Currie and Gozman take a broader perspective on control by including regulatory controls that are enforced by the institutional environment in which IS outsourcing arrangements are embedded. This is exemplified by a case of a major IS vendor responsible for implementing an IT system at eight clients in the finance industry where the implementation of financial regulations was a key aspect of the implementation of the IT systems. This provides an interesting case as the trust that the clients gain in the IT vendor is linked to a network of trust relationships including the ones between the financial organizations and the financial regulator, the financial organizations and the investors, and the investors and the IT system. In other words, in order to provide sustainable business value, IT vendors do not only need to understand the business of the client, they also need to understand how the client business is influenced by its institutional environment and how the IT systems that they provide should embed such institutional regulations.

Another important aspect that is often overlooked in establishing governance frames is that of governing the upfront sourcing decision. While many organizations have established central sourcing units that seek to oversee the entire portfolio of IS functions, tasks and projects to make holistic sourcing decisions, there is little guidance in terms of decision aids. This gap is taken up next.

Kramer, Eschweiler and Heinzl develop a decision support method and tool that helps firms to choose appropriate candidates for outsourcing among various software development projects. Essentially, the model takes software requirements as inputs and considers the specific properties and interdependencies between requirements to identify outsourcing candidates. Such decision support systems can add to sustainable business value as they help to ensure that all sourcing decisions are made on the basis of a consistent frame that ensures alignment with a firm’s strategic objectives.

5.4 Dynamic Governance Adaptation

Given the importance of establishing stable governance frames, two key questions remain unanswered. First, how can such stable frameworks be established and, second, will they endure for a long time or do they need to be constantly adapted? Due to dynamics in the environment, such as business changes, technology changes, partner changes, or regulatory changes, organizations are often confronted with unforeseen events. Such unforeseen events may not only make it difficult to establish stable frames but they may also call for adaptions over time. Understanding such dynamics is the motivation of a rather new stream of research that strives towards a process-theoretic understanding of outsourcing governance (Huber et al. 2013). Three papers in our book address the issue of Dynamic Governance Adaptation.

Huber, Fischer, Dibbern and Kirsch examine control adaptations in the context of outsourced software development projects. Such projects are usually initiated with a number of high level project goals that may be written into the contract. The key premise of the study by Huber et al. is that as IS outsourcing projects evolve, high level project goals may be translated into more and more project-specific controls which may affect project success in different ways.
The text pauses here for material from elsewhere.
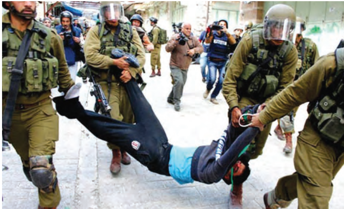
وحشية الاحتلال ضد الاطفال

اعتسقت قوات الاحتلال الإسرائيلي امس فلسطينيين اثنين في الضفة الغربية. وذكرت وسائل إعلام فلسطينية، أن قوات الاحتلال اقتحمت بلدة العيسوية في القدس المحتلة، واعتقلت فلسطينياً، كما اعتقلت آخر على أحد حواجزها في أريحا.

The results of a multiple case study show that increasing control specificity can be both beneficial and detrimental to the achievement of the initial project goals. Control specificity is beneficial if it results from a translation process where only the stakeholder context (and not the task) is adapted. It is detrimental if the project becomes highly dynamic and independent where the nature of the software development task is significantly altered over time eventually leading to a misfit with the initial project objectives. The results provide implications on the interaction between such goal and control drifts in IT outsourcing projects and how such drifts may be interrupted.
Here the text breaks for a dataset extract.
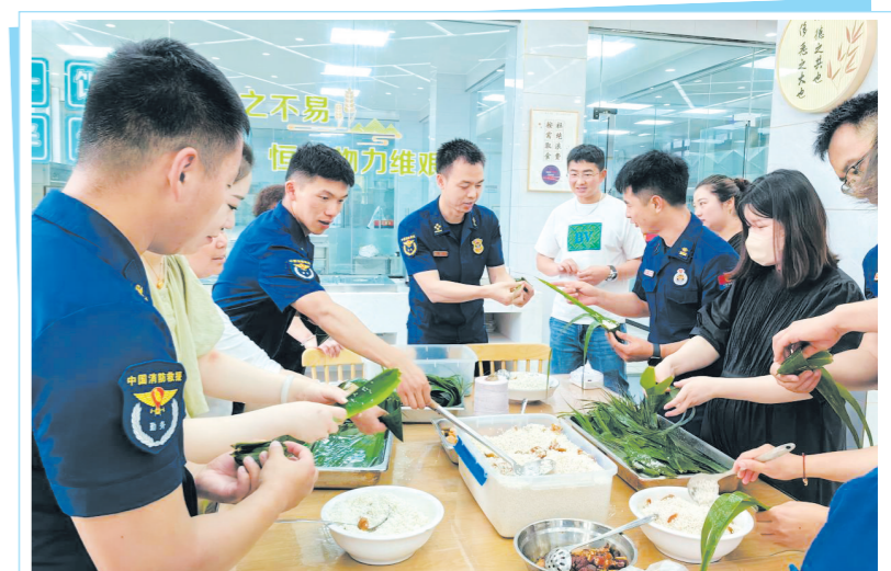
为推进“四项教育”走深走实,在端午节即将来临之际,淮安生态文旅区消防救援大队开展消防员家属开放日活动,邀请属地消防员家属来队,让消防员向家属报告履职情况,感谢家属们的默默支持和无私奉献。开放日当天,还开展了营区参观、座谈、包粽子、聚餐等活动,让家属近距离感受和体验消防员的工作和生活,充分发挥队属共建共建积极作用。 ■通讯员 陈雯

发挥德治作用,激发基层善治活力。深入学习贯彻党的二十大精神,开设“书记讲堂”“商圈微课堂”“指尖云课堂”等宣讲超160场次,推动党的创新理论落地生根。加快推进文明实践站点提档升级,打造健康路社区和曙光路金鸡品客文明实践样板站点。在抓好街道、社区16支志愿服务队伍的同时,积极整合辖区淮安八二医院、市全民健身中心等各方力量,不断壮大志愿服务队伍。今年以来,街道社区联合挂钩单位开展“幸福江苏淮安少儿健康行”各类文明实践活动120余场次,服务群众超过6000人。典型培育引领社会风尚,大力倡导学习典型争当先进活动,弘扬崇德向善新风,积极开展“身边的榜样 前行的力量”身边好人系列评选活动,让崇尚好人、学习好人、争当好人在淮海街道蔚然成风。

Heisekanen, Hekkala, Newman, and Eklin examine a number of system development projects that over time were outsourced by a University to the same vendor. Their focus lies on the changing role of the client boundary persons (or spanners) in steering the projects and the vendor. For example, the role of the boundary spanning person may shift from a problem solver to a gatekeeper that ensures that the project stays on track as defined in the contract. While emotions and learning play an important role for the boundary spanner practices to evolve, the study also shows the importance of the contract as the foundation for the actions taken by the boundary spanner.
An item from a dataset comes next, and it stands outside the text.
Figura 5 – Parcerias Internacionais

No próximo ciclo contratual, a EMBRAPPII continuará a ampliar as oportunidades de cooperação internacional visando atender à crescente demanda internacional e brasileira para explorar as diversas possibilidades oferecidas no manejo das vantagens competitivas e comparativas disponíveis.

Krancher and Dibbern seek to explain the effect of governance adaptations during the early stage of an IT outsourcing arrangement. They focus on the transition phase in software maintenance outsourcing projects, where the key objective is to transfer knowledge to the incoming new vendor personnel so that they can effectively and self-responsibly perform the maintenance tasks. Based on case evidence and system dynamics modeling they show how effective learning during transition can be stipulated by balancing the cognitive load of the learner (i.e. the incoming vendor software engineer) through a number of interrelated managerial activities, such as selecting vendor engineers with the right level of prior expertise, adapting the complexity of the learning tasks (i.e. training maintenance tasks), and adapting the level of help. They also show how these activities interact with changes in vendor expertise and trust in the vendor.

Overall, these three studies show how enacting and adapting governance frames can add to achieving sustainable outsourcing success.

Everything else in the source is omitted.